[Stored data]

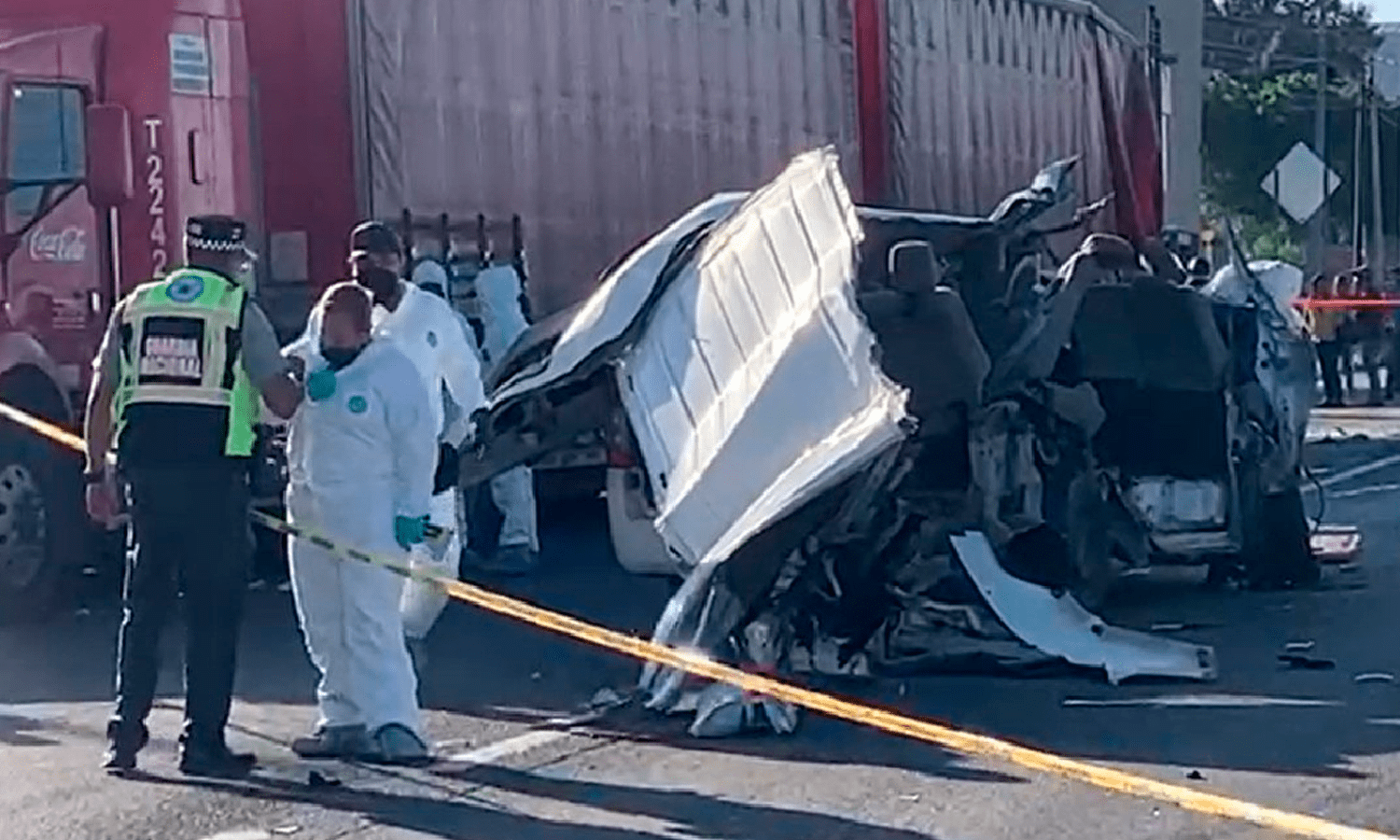 En el choque murieron seis trabajadores y 12 más resultaron lesionados, cuatro de ellos de gravedad. El peatón que fue atropellado también perdió la vida.
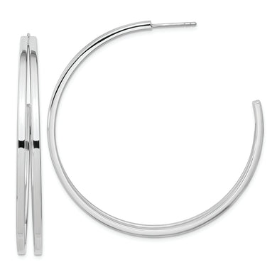 Sterling Silver Rhodium Plated Split Design Hoop Post Earrings
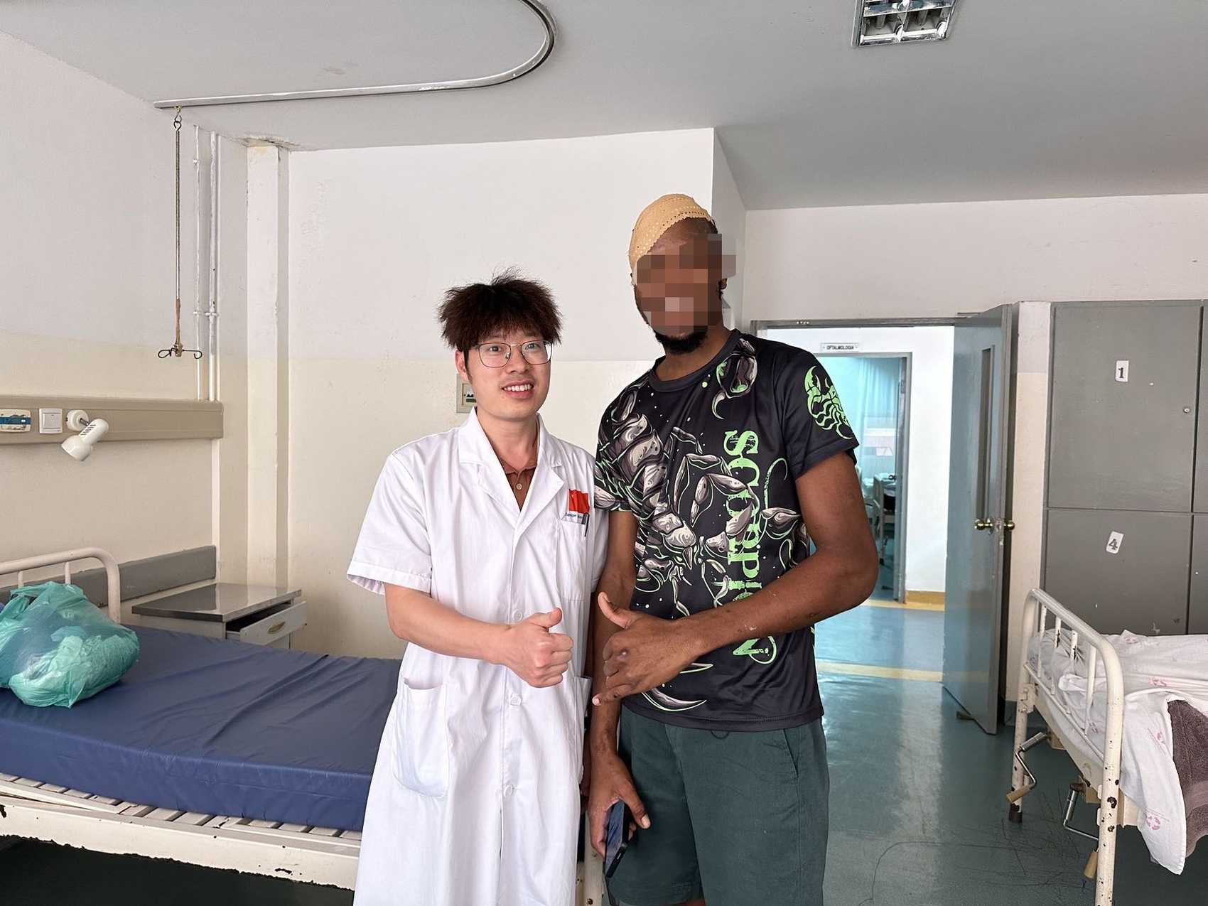 刘欢展示的“中国医术”得到了当地医护人员和患者的称赞。其中最为惊险的,是今年7月底接诊的一名颅脑外伤患者。一名27岁的男青年在逛街时遭遇意外,被一把带锈的刀刺入头部,刀体大部分刺穿颅骨后进入颅腔脑组织。患者在转运过程还出现了头痛、呕吐、意识障碍等症状,病情危重。
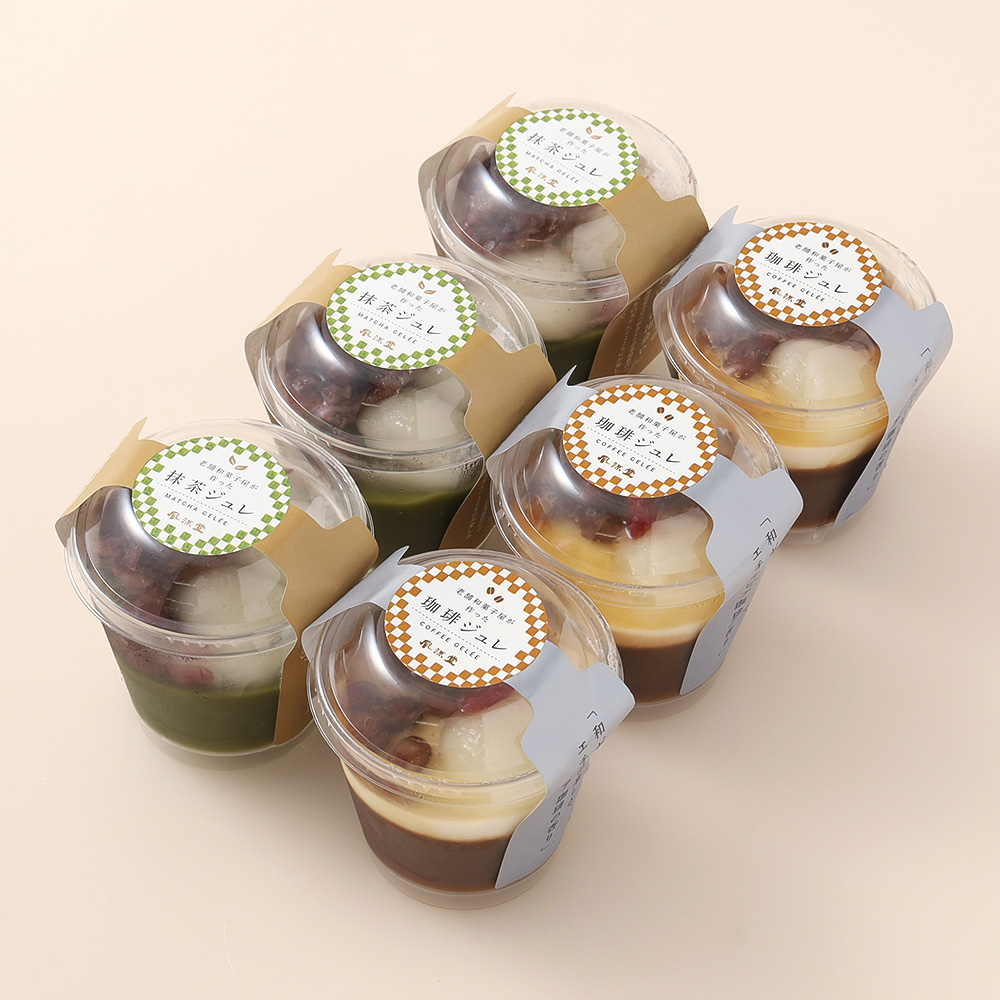 抹茶ジュレ3個、珈琲ジュレ3個

[/Stored data]

- [Work order] Your copy should hold exactly the lines from the line containing "Sterling Silver Rhodium" through the last line of the listing above, both included, and no pictures.

- [Finished task]
 Sterling Silver Rhodium Plated Split Design Hoop Post Earrings
 刘欢展示的“中国医术”得到了当地医护人员和患者的称赞。其中最为惊险的,是今年7月底接诊的一名颅脑外伤患者。一名27岁的男青年在逛街时遭遇意外,被一把带锈的刀刺入头部,刀体大部分刺穿颅骨后进入颅腔脑组织。患者在转运过程还出现了头痛、呕吐、意识障碍等症状,病情危重。
 抹茶ジュレ3個、珈琲ジュレ3個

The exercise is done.